**Task statement:** Reproduce the whole listing that follows, character for character, and drop the images.

**Data below:**
────

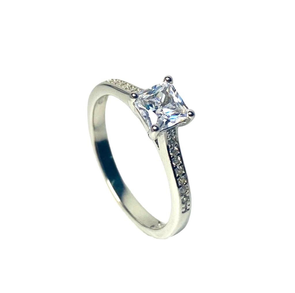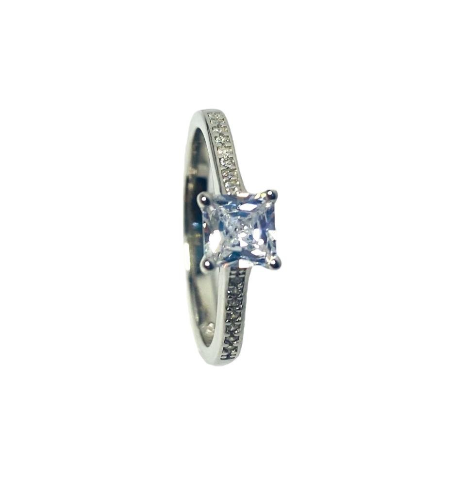 ANILLO PLATA CIRCON RECTANGULAR Y CIRCONES LATERALES
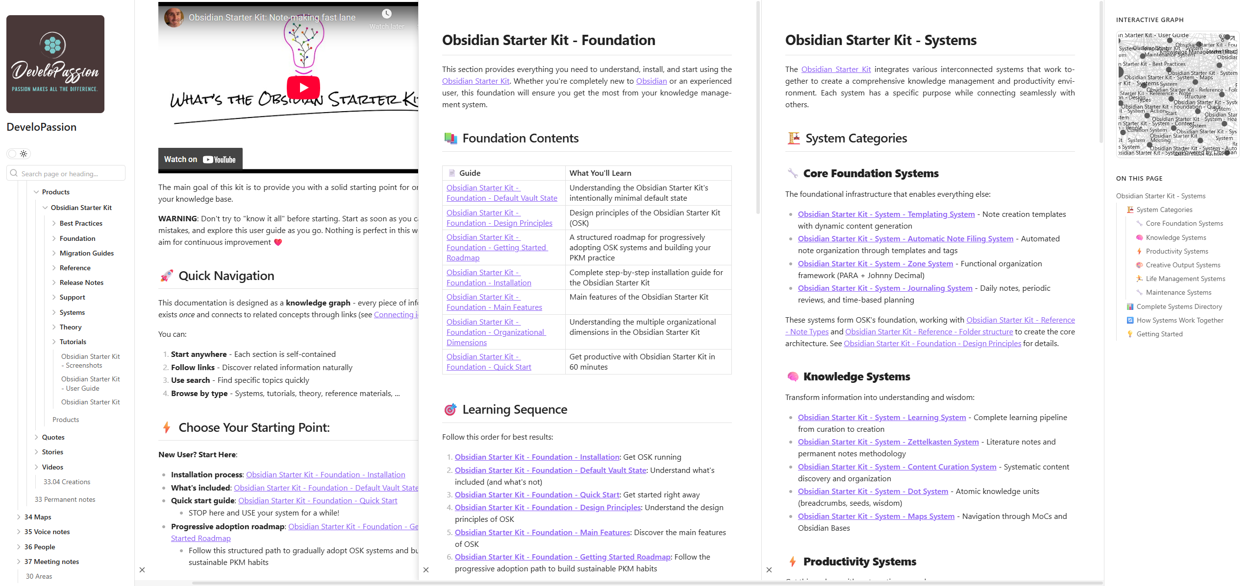 The Obsidian Starter Kit is a comprehensive knowledge system that transforms Obsidian into a complete productivity and learning environment. It combines proven methodologies (PARA, Zettelkasten, Johnny Decimal, GTD) with a battle-tested organization that scales from 10 notes to 10,000+ notes.
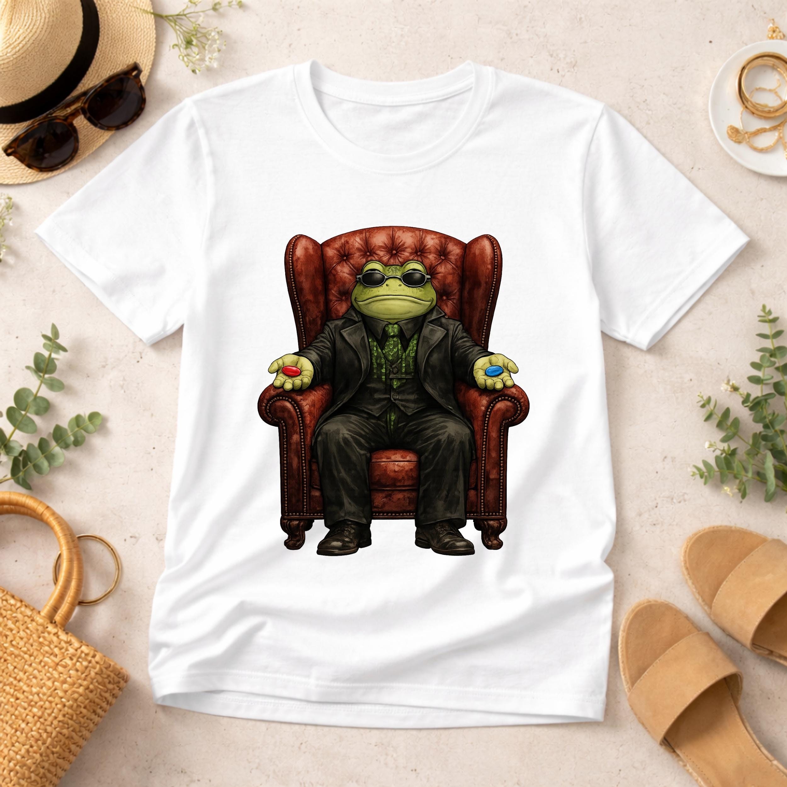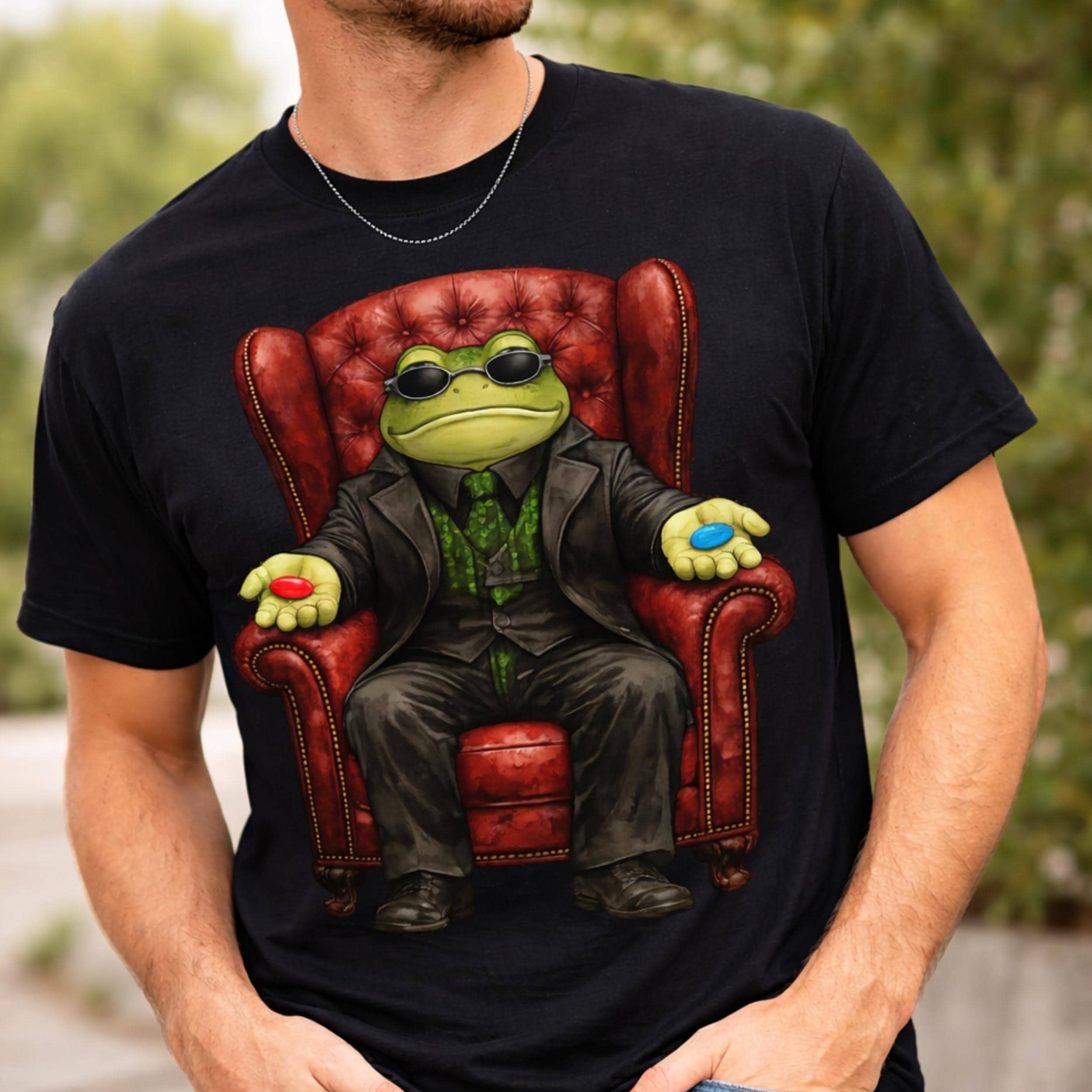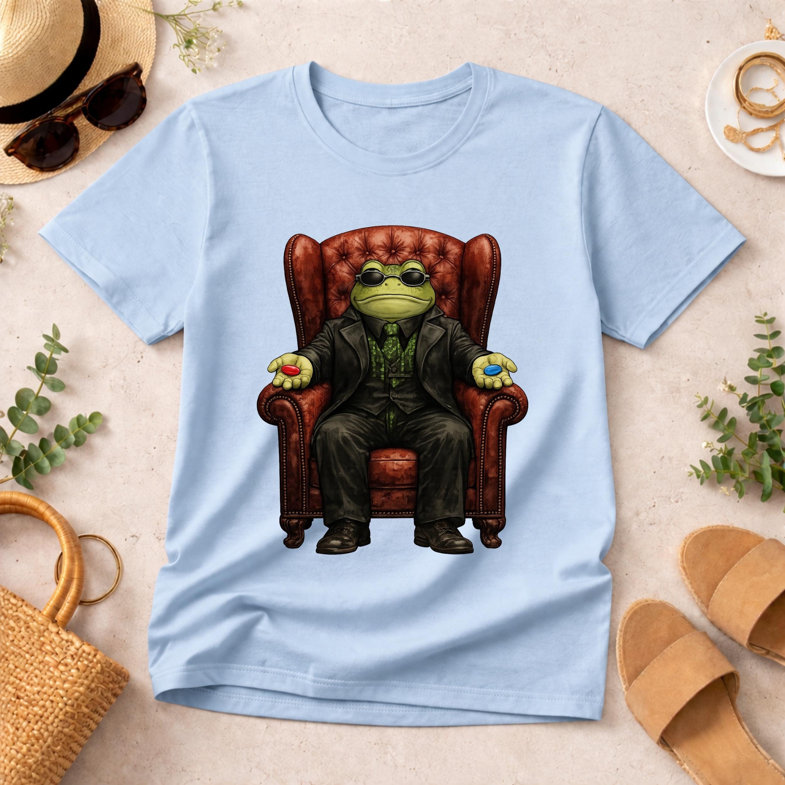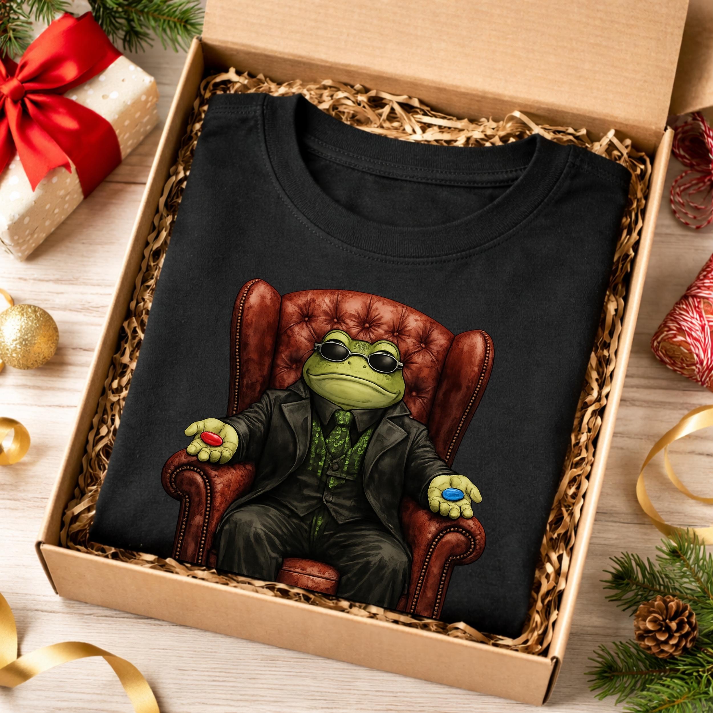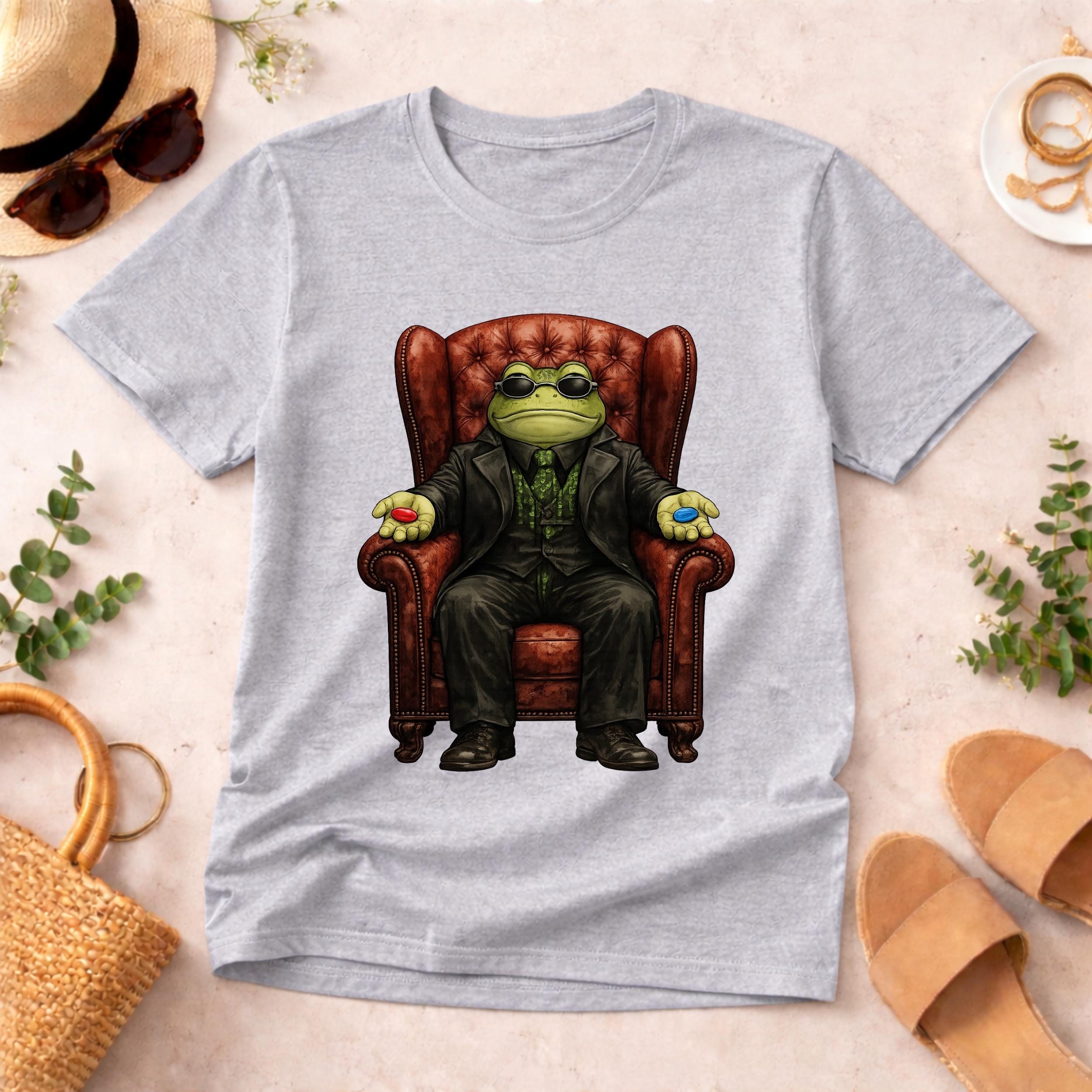 This funny red pill blue pill frog shirt features a stylish frog sitting in a classic chair offering the iconic choice. Inspired by meme culture and pop-culture references, this design combines humor, geek vibes, and unique artwork into a standout graphic tee.

────

**Finished task:**
 ANILLO PLATA CIRCON RECTANGULAR Y CIRCONES LATERALES
 The Obsidian Starter Kit is a comprehensive knowledge system that transforms Obsidian into a complete productivity and learning environment. It combines proven methodologies (PARA, Zettelkasten, Johnny Decimal, GTD) with a battle-tested organization that scales from 10 notes to 10,000+ notes.
 This funny red pill blue pill frog shirt features a stylish frog sitting in a classic chair offering the iconic choice. Inspired by meme culture and pop-culture references, this design combines humor, geek vibes, and unique artwork into a standout graphic tee.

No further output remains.